## Exercise inputs
__________________________________________________

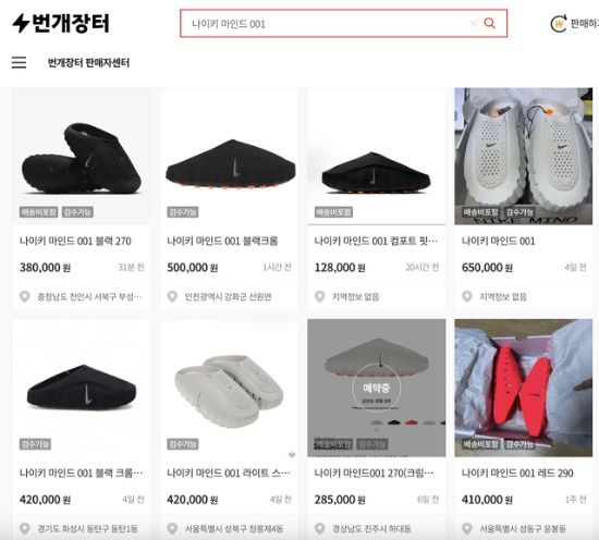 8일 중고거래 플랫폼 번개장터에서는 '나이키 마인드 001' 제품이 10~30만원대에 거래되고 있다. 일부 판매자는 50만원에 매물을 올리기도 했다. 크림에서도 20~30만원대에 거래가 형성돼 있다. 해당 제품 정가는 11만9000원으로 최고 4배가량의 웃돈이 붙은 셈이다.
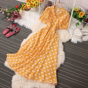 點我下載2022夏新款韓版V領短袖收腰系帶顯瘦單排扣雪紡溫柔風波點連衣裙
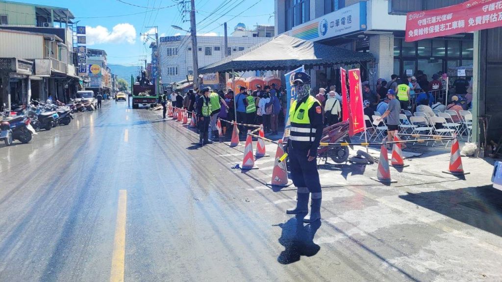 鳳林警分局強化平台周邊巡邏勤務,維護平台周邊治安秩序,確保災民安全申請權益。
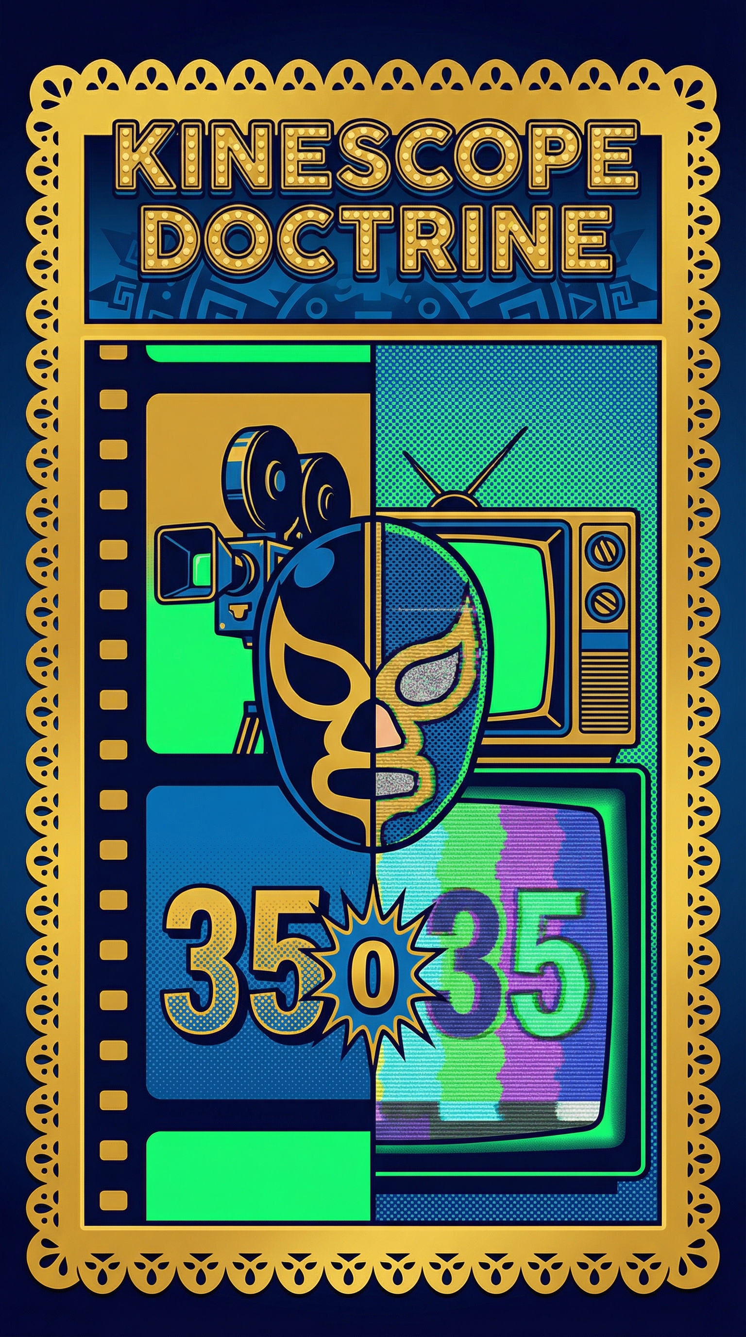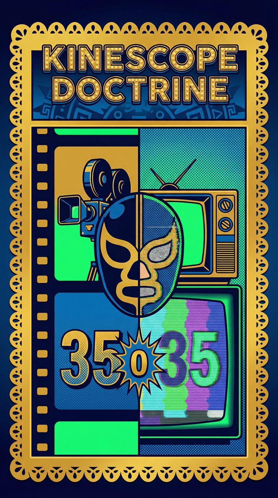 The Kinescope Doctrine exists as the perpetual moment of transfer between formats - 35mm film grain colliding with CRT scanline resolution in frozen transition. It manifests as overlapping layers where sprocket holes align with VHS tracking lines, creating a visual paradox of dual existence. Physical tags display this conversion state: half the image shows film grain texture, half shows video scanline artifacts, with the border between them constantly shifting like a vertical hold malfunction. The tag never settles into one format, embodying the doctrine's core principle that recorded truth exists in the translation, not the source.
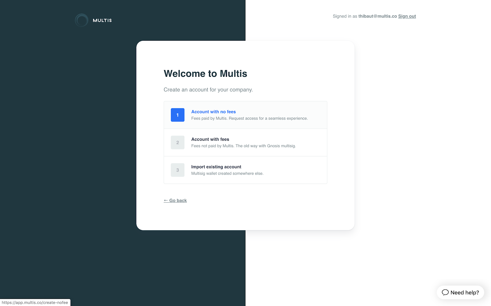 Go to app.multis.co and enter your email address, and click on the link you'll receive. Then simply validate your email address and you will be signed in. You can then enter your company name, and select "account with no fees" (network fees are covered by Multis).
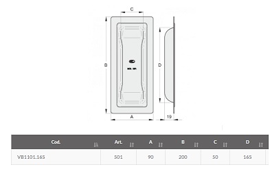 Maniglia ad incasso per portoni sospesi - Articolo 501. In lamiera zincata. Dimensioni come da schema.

__________________________________________________

## Assigned task
Exact copy, pictures excluded: every line above from the one containing "點我下載2022夏新款韓版V領短袖收腰系帶顯瘦單排扣雪紡溫柔風波點連衣裙" to the one containing "鳳林警分局強化平台周邊巡邏勤務,維護平台周邊治安秩序,確保災民安全申請權益。", inclusive, and nothing more.

## Output of the task
 點我下載2022夏新款韓版V領短袖收腰系帶顯瘦單排扣雪紡溫柔風波點連衣裙
 鳳林警分局強化平台周邊巡邏勤務,維護平台周邊治安秩序,確保災民安全申請權益。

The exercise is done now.